There were lots of other funny quotes from today...for example, she still sometimes has difficulty with names when she thinks about it too hard...so she called Lilly "Medley" (maybe a combo of Manda and Lilly?)...Lilly loved it though, and is considering changing her name! ;) We actually induced hearty, belly laughter...all of us were cracking up, but most importantly she was. She's got a great laugh, and it was good to hear it used again. Pieces of her short term memory are coming back, and of course she does best the less tired she is...but there are glimmers. It makes its appearance once in awhile...like if we get sidetracked on a conversation, or if someone else interjects with a side bar, mom has been trying to redirect the conversation back to the original speaker and topic. That's great! Also, she got a bit tearful when talking about being sad she couldn't go home..."I feel like I should be there. Who is going to take care of the cat?" That word, "cat", has been one she's struggled with in speech therapy..."dog" would come out okay, but for some reason "cat" wasn't so easy...but when she said it tonight, it was crystal clear and without hesitation, along with the concept she was expressing. I of course assured her I was taking care of everything, and that she would be coming home some time to her house and her cat and her stuff, that everything would be waiting for her when it was time...the more conversations we have like that, the harder it becomes for me, because I don't want to give her false information if she doesn't end up coming straight home. But she wants to so badly. Again, feelings of being a bad daughter come up...if I was good enough, I'd be able to figure something out to make that work...move heaven and earth.

Well, tomorrow is the big breakfast which I plan to be there for so I must go to bed now. She also has her appointment with her neurosurgeon at the other hospital...well, I think it's in the office building next to the hospital, but it will bring back memories to be in that 'hood again. A little field trip for mom. Wish us luck...not sure for what, but just luck I guess. Also, please help me find the strength and wits I need to make these huge decisions...I could use all the help I can get. Peace to you all.

Comments

Anonymous said…
Amanda,

Please don't say you are a bad daughter. You are a wonderful daughter!!! You would do anything for your mom. Bev couldn't ask for more!

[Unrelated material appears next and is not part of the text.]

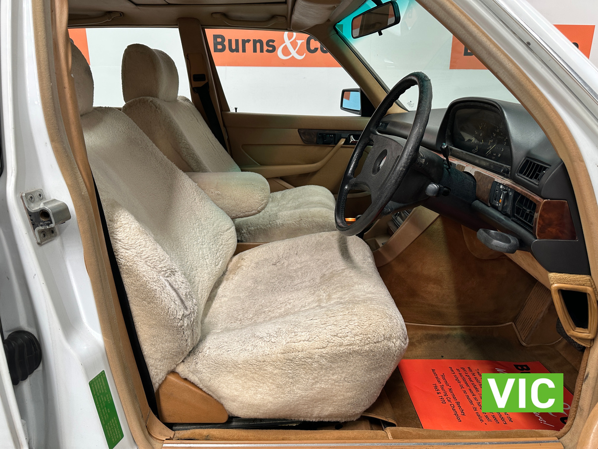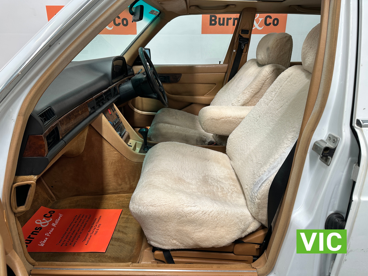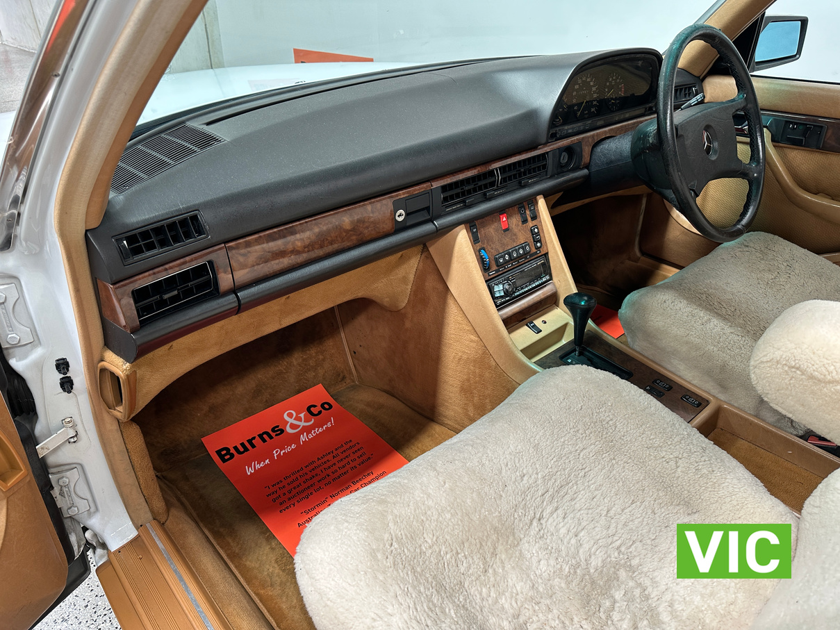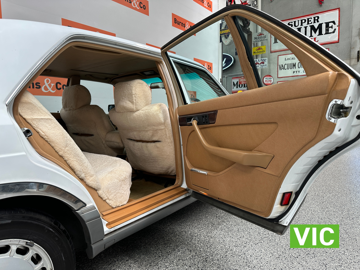 The little old ladies Mercedes Benz! Owned by its late owner for the past 30 years up until she was 84 years of age. This 560 SEL has been well kept and maintained and represents the height of luxury in the late 1980s. Factory fitted V8 paired to a smooth automatic transmission, this example comes complete with the original owner’s manual highlighting the features the car comes with. Open up the doors to the classic interior the iconic Mercedes aroma is still prevalent while the seats have had the sheepskin covers fitted protecting the upholstery. This is a great example and opportunity for either a bridal car or weekend cruiser.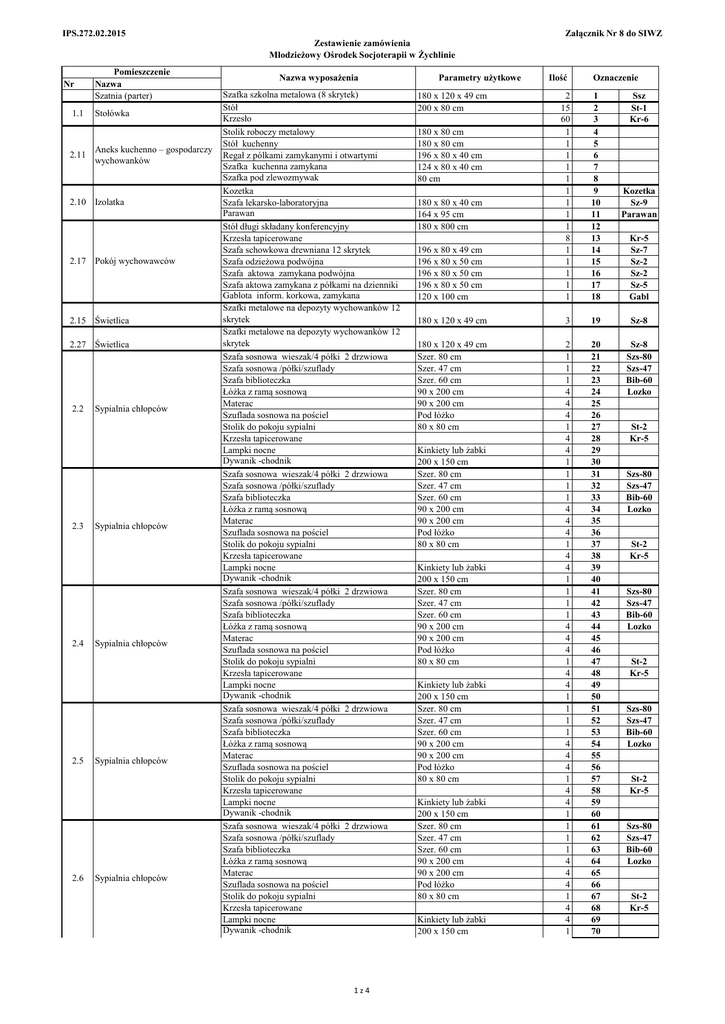 Załącznik Nr 8 do SIWZ IPS.272.02.2015 Zestawienie zamówienia Młodzieżowy Ośrodek Socjoterapii w Żychlinie Nr 1.1 2.11 Pomieszczenie Nazwa Szatnia (parter) Stołówka Aneks kuchenno – gospodarczy wychowanków 2.10 Izolatka 2.17 Pokój wychowawców 2.15 Świetlica 2.27 Świetlica 2.2 2.3 2.4 2.5 2.6 Sypialnia chłopców Sypialnia chłopców Sypialnia chłopców Sypialnia chłopców Sypialnia chłopców Nazwa wyposażenia Szafka szkolna metalowa (8 skrytek) Stół Krzesło Stolik roboczy metalowy Stół kuchenny Regał z pólkami zamykanymi i otwartymi Szafka kuchenna zamykana Szafka pod zlewozmywak Kozetka Szafa lekarsko-laboratoryjna Parawan Stół długi składany konferencyjny Krzesła tapicerowane Szafa schowkowa drewniana 12 skrytek Szafa odzieżowa podwójna Szafa aktowa zamykana podwójna Szafa aktowa zamykana z półkami na dzienniki Gablota inform. korkowa, zamykana Szafki metalowe na depozyty wychowanków 12 skrytek Szafki metalowe na depozyty wychowanków 12 skrytek Szafa sosnowa wieszak/4 półki 2 drzwiowa Szafa sosnowa /półki/szuflady Szafa biblioteczka Łóżka z ramą sosnową Materac Szuflada sosnowa na pościel Stolik do pokoju sypialni Krzesła tapicerowane Lampki nocne Dywanik -chodnik Szafa sosnowa wieszak/4 półki 2 drzwiowa Szafa sosnowa /półki/szuflady Szafa biblioteczka Łóżka z ramą sosnową Materac Szuflada sosnowa na pościel Stolik do pokoju sypialni Krzesła tapicerowane Lampki nocne Dywanik -chodnik Szafa sosnowa wieszak/4 półki 2 drzwiowa Szafa sosnowa /półki/szuflady Szafa biblioteczka Łóżka z ramą sosnową Materac Szuflada sosnowa na pościel Stolik do pokoju sypialni Krzesła tapicerowane Lampki nocne Dywanik -chodnik Szafa sosnowa wieszak/4 półki 2 drzwiowa Szafa sosnowa /półki/szuflady Szafa biblioteczka Łóżka z ramą sosnową Materac Szuflada sosnowa na pościel Stolik do pokoju sypialni Krzesła tapicerowane Lampki nocne Dywanik -chodnik Szafa sosnowa wieszak/4 półki 2 drzwiowa Szafa sosnowa /półki/szuflady Szafa biblioteczka Łóżka z ramą sosnową Materac Szuflada sosnowa na pościel Stolik do pokoju sypialni Krzesła tapicerowane Lampki nocne Dywanik -chodnik 1z4 Parametry użytkowe 180 x 120 x 49 cm 200 x 80 cm Ilość Oznaczenie 196 x 80 x 49 cm 196 x 80 x 50 cm 196 x 80 x 50 cm 196 x 80 x 50 cm 120 x 100 cm 2 15 60 1 1 1 1 1 1 1 1 1 8 1 1 1 1 1 1 2 3 4 5 6 7 8 9 10 11 12 13 14 15 16 17 18 180 x 120 x 49 cm 3 19 Sz-8 180 x 120 x 49 cm Szer. 80 cm Szer. 47 cm Szer. 60 cm 90 x 200 cm 90 x 200 cm Pod łóżko 80 x 80 cm 2 1 1 1 4 4 4 1 4 4 1 1 1 1 4 4 4 1 4 4 1 1 1 1 4 4 4 1 4 4 1 1 1 1 4 4 4 1 4 4 1 1 1 1 4 4 4 1 4 4 1 20 21 22 23 24 25 26 27 28 29 30 31 32 33 34 35 36 37 38 39 40 41 42 43 44 45 46 47 48 49 50 51 52 53 54 55 56 57 58 59 60 61 62 63 64 65 66 67 68 69 70 Sz-8 Szs-80 Szs-47 Bib-60 Lozko 180 x 80 cm 180 x 80 cm 196 x 80 x 40 cm 124 x 80 x 40 cm 80 cm 180 x 80 x 40 cm 164 x 95 cm 180 x 800 cm Kinkiety lub żabki 200 x 150 cm Szer. 80 cm Szer. 47 cm Szer. 60 cm 90 x 200 cm 90 x 200 cm Pod łóżko 80 x 80 cm Kinkiety lub żabki 200 x 150 cm Szer. 80 cm Szer. 47 cm Szer. 60 cm 90 x 200 cm 90 x 200 cm Pod łóżko 80 x 80 cm Kinkiety lub żabki 200 x 150 cm Szer. 80 cm Szer. 47 cm Szer. 60 cm 90 x 200 cm 90 x 200 cm Pod łóżko 80 x 80 cm Kinkiety lub żabki 200 x 150 cm Szer. 80 cm Szer. 47 cm Szer. 60 cm 90 x 200 cm 90 x 200 cm Pod łóżko 80 x 80 cm Kinkiety lub żabki 200 x 150 cm Ssz St-1 Kr-6 Kozetka Sz-9 Parawan Kr-5 Sz-7 Sz-2 Sz-2 Sz-5 Gabl St-2 Kr-5 Szs-80 Szs-47 Bib-60 Lozko St-2 Kr-5 Szs-80 Szs-47 Bib-60 Lozko St-2 Kr-5 Szs-80 Szs-47 Bib-60 Lozko St-2 Kr-5 Szs-80 Szs-47 Bib-60 Lozko St-2 Kr-5 Załącznik Nr 8 do SIWZ IPS.272.02.2015 Zestawienie zamówienia Młodzieżowy Ośrodek Socjoterapii w Żychlinie 2.7 2.8 2.9 Sypialnia chłopców Sypialnia chłopców Sypialnia chłopców 2.18 Sypialnia dziewcząt 2.19 Sypialnia dziewcząt 2.20 Sypialnia dziewcząt 2.21 Sypialnia dziewcząt Szafa sosnowa wieszak/4 półki 2 drzwiowa Szafa sosnowa /półki/szuflady Szafa biblioteczka Łóżka z ramą sosnową Materac Szuflada sosnowa na pościel Stolik do pokoju sypialni Krzesła tapicerowane Lampki nocne Dywanik -chodnik Szafa sosnowa wieszak/4 półki 2 drzwiowa Szafa sosnowa /półki/szuflady Szafa biblioteczka Łóżko z ramą sosnową piętrowe Łóżko z ramą sosnową Materac Szuflada sosnowa na pościel Stolik do pokoju sypialni Krzesła tapicerowane Lampki nocne Dywanik -chodnik Szafa sosnowa wieszak/4 półki 2 drzwiowa Szafa sosnowa /półki/szuflady Szafa biblioteczka Łóżko z ramą sosnową piętrowe Łóżko z ramą sosnową Materac Szuflada sosnowa na pościel Stolik do pokoju sypialni Krzesła tapicerowane Lampki nocne Dywanik -chodnik Szafa sosnowa wieszak/4 półki 2 drzwiowa Szafa sosnowa /półki/szuflady Szafa biblioteczka Łóżko z ramą sosnową piętrowe Łóżko z ramą sosnową Materac Szuflada sosnowa na pościel Stolik do pokoju sypialni Krzesła tapicerowane Lampki nocne Dywanik -chodnik Szafa sosnowa wieszak/4 półki 2 drzwiowa Szafa sosnowa /półki/szuflady Szafa biblioteczka Łóżko z ramą sosnową piętrowe Łóżko z ramą sosnową Materac Szuflada sosnowa na pościel Stolik do pokoju sypialni Krzesła tapicerowane Lampki nocne Dywanik -chodnik Szafa sosnowa wieszak/4 półki 2 drzwiowa Szafa sosnowa /półki/szuflady Szafa biblioteczka Łóżka z ramą sosnową Materac Szuflada sosnowa na pościel Stolik do pokoju sypialni Krzesła tapicerowane Lampki nocne Dywanik -chodnik Szafa sosnowa wieszak/4 półki 2 drzwiowa Szafa sosnowa /półki/szuflady Szafa biblioteczka Łóżka z ramą sosnową Materac Szuflada sosnowa na pościel Stolik do pokoju sypialni Krzesła tapicerowane Lampki nocne Dywanik -chodnik 2z4 Szer. 80 cm Szer. 47 cm Szer. 60 cm 90 x 200 cm 90 x 200 cm Pod łóżko 80 x 80 cm Kinkiety lub żabki 200 x 150 cm Szer. 80 cm Szer. 47 cm Szer. 60 cm 90 x 200 cm 90 x 200 cm 90 x 200 cm Pod łóżko 80 x 80 cm Kinkiety lub żabki 200 x 150 cm Szer. 80

I know you have a difficult decision to make, I'm sure you will do what's best for your mom. Just follow your heart...

Love,
Julie McKnight
Amanda-
I am so excited that your Mom had a great day yesterday! I am so happy that she gets to eat regular food today:) You are a wonderful daughter and please don't forget that. I know you will make the best decision for you Mom. We are here to help you. Looking forward to spending the day with you today!
Love, Jillian
Anonymous said…
Amanda-
I know it must feel like you have to make this decision all alone, but just remember the web of support that both you and your mom have. I am praying that God will provide a path for you. Whatever you end up choosing may be difficult, but I know that you are a strong woman and so is your mom. Don't be afraid to ask for help if you feel like you need it.